Disk Failure Rates More Myth Than Metric
Lucas123 writes "Using mean time between failure rates suggest that disks can last from 1 million to 1.5 million hours, or 114 to 170 years, but study after study shows that those metrics are inaccurate for determining hard drive life. One study found that some disk drive replacement rates were greater than one in 10. This is nearly 15 times what vendors claim, and all of these studies show failure rates grow steadily with the age of the hardware. One former EMC employee turned consultant said, 'I don't think [disk array manufacturers are] going to be forthright with giving people that data because it would reduce the opportunity for them to add value by 'interpreting' the numbers.'"
...those that make backups and those that never had a hard drive fail.
If everyone knows how much a disk drive costs, and nobody can find out how long a disk drive really will last, there is no way the marketplace can reward the vendors of durable and reliable products.
The inevitable result is a race to the bottom. Buyers will reason they might was well buy cheap, because they at least know they're saving money, rather then paying for quality and likely not getting it.
"How to Do Nothing," kids activities, back in print!
Drive failures are actually fairly common, but usually the failures are due to cooling issues. Given that most PCs aren't really set up to ensure decent hard drive cooling, it is probable that the failure ratings are inflated due to operation outside of the expected operational parameters (which are probably not conservative enough for real usage). In my opinion, if you have more than a single hard drive closely stacked in your case you should have some sort of hard drive fan.

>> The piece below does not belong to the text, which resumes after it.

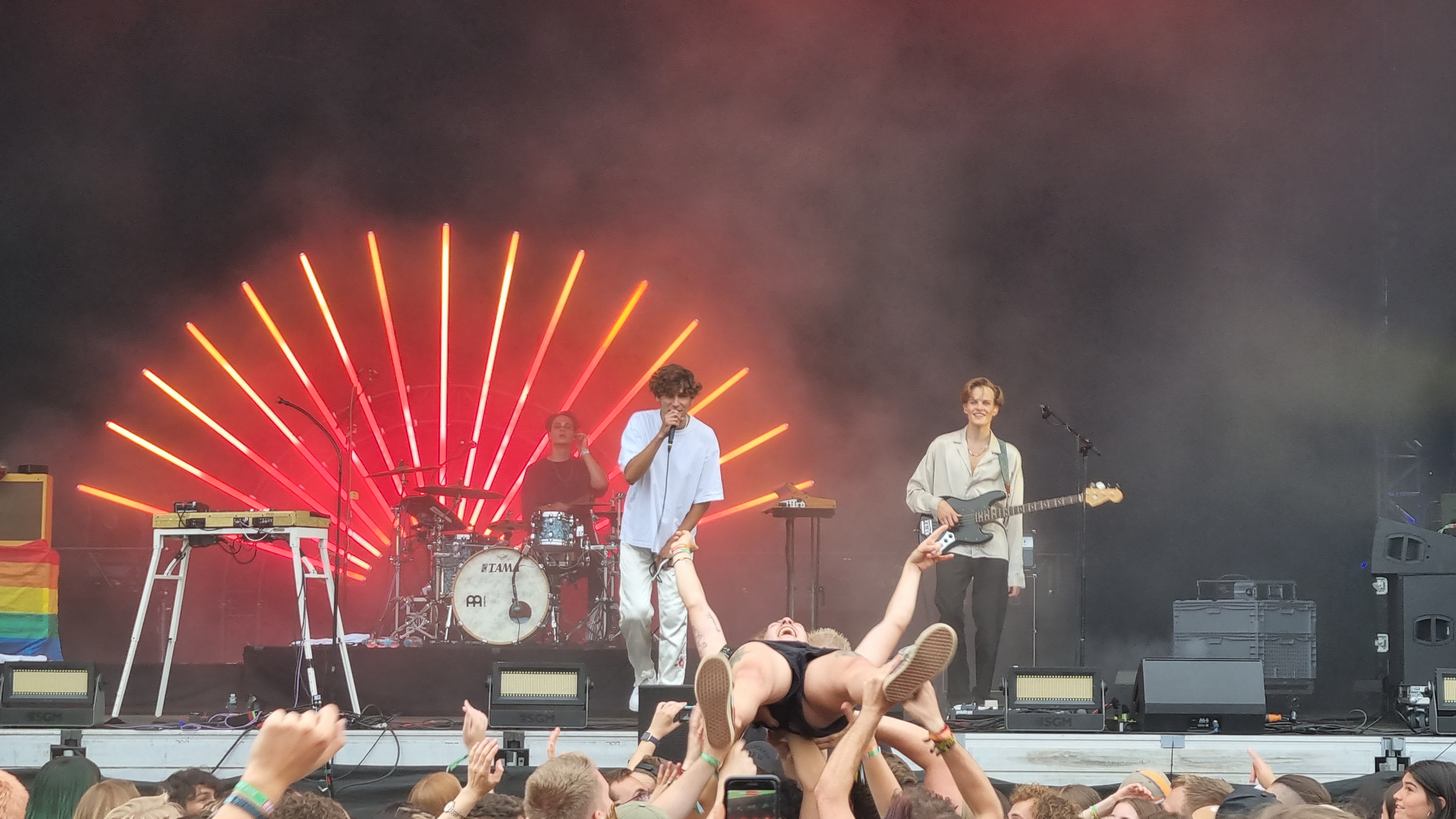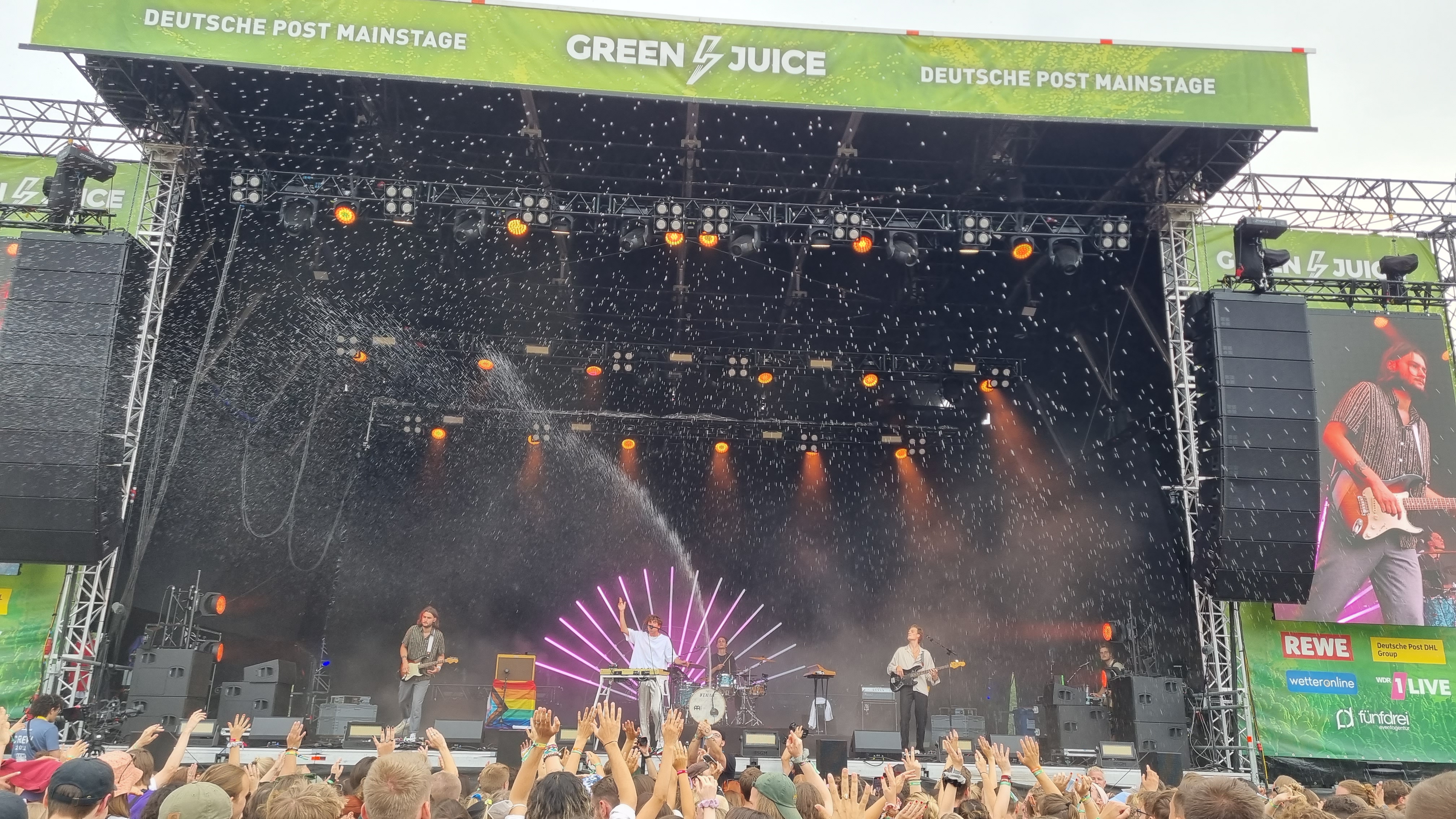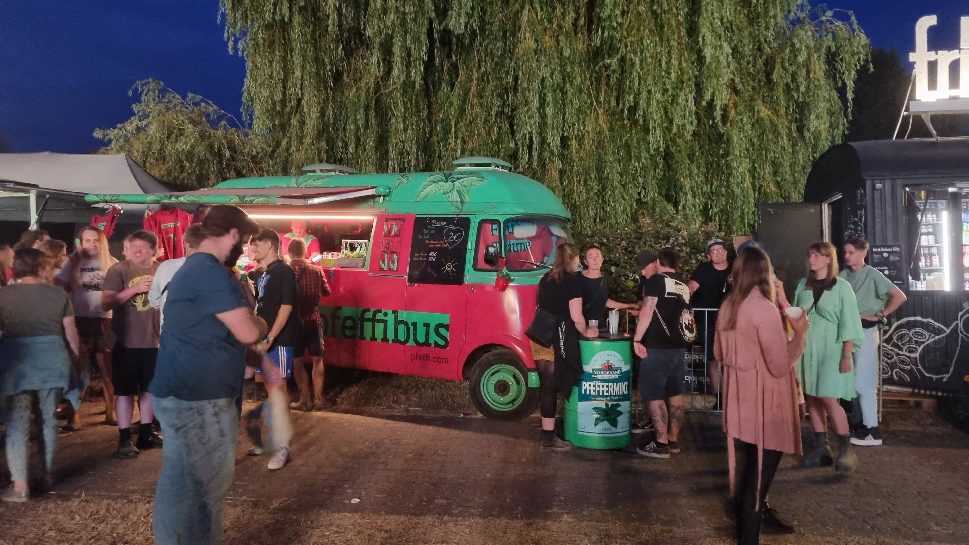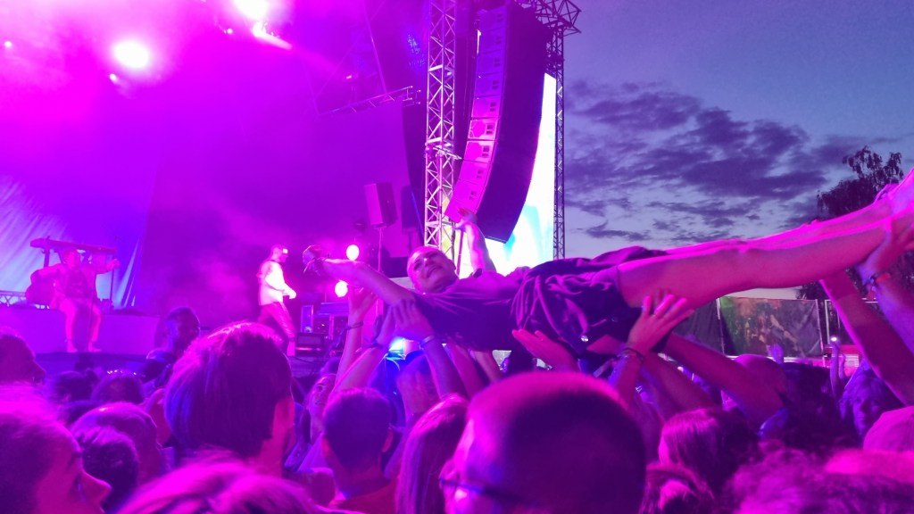Der zweite Festivaltag startete entspannter und sonnig. Bis es vor dem Auftritt von Provinz zu einem Stromausfall kam. Zunächst kam es nur auf den Toiletten und an einigen Ständen zu kleinen Problemen, beziehungsweise Schlangen. Doch dann fielen während des Songs „Liebe zu dritt“ alle Lichter, Verstärker und Bildschirme aus und die Band Provinz stand auf der dunklen Bühne. Die Festivalbesucher:innen, die den Refrain mitgesungen hatten, waren weiter zu hören und ließen sich nicht beirren. Sie sangen einfach weiter und das für mehrere Minuten. Die Band war sichtlich gerührt und es entstand ein magischer Moment. Nach wenigen Minuten war der Strom wieder da, bis er dann nach einigen Songs wieder abgeschmiert ist. Auch beim zweiten Mal reagierte das Publikum erstaunlich gelassen, zwar ging ein Raunen durch die Reihen, doch dann sangen alle weiter, starteten erneut einen Moshpit und ließen die Stimmung nicht abfallen. Als der Strom dann wieder da war, bedankte sich die Band gerührt und auch die Veranstalter:innen waren mehr als froh, dass die Besucher:innen so sympathisch und entspannt reagiert haben. Bei dem nächsten Auftritt von Leoniden war von dem Zwischenfall nichts mehr zu merken. Professionell und mit einer guten Show brachte die Band dem Publikum gute Laune und die Fans, die an ihren Bandtshirts zu erkennen waren, sind zufrieden. Der Festivaltag endet mit einer besonders beeindruckenden Show von den Orsons, die richtig gute Laune verbreiteten. Die Stuttgarter Hip-Hop-Gruppe ist bekannt für ihre Ironie, Fantasie und Sarkasmus und kann damit bei den Besucher:innen ordentlich punkten.

The best metric is probably going to be the length of warranty the manufacturer offers. They have financial incentive to find out the REAL mean time until failure in calculating the warranty.
'Every story, if continued long enough, ends in death.' --Ernest Hemingway
I remember back in the mid 1980s when I received a service management manual from DEC, it had some information that really opened my eyes about what MTBF was really intended for. It had a calculation (I have long since forgotten the details) that allowed you to estimate how many service spares you would need to keep in stock to service any installed base of hardware, based on MTBF. This was intended for internal use in calculating spares inventory level for DEC service agents. High MTBF products needed fewer replacement parts in inventory, low MTBF parts needed lots of parts in stock. Presumably internal MTBF ratings were more accurate than those released to end users.
So anyway.. MTBF is not intended as an indicator of a specific unit's reliability. It is a statistical measurement to calculate how many spares are needed to keep a large population of machines working. It cannot be applied to a single unit in the way it can be applied to a large population of units.
Perhaps the classical example is about the old tube-based computers like ENIAC, if a single tube has an MTBF of 1 year, but the computer has 10,000 tubes, you'd be changing tubes (on average) more than once an hour, you'd rarely even get an hour of uptime. (I hope I got that calculation vaguely correct)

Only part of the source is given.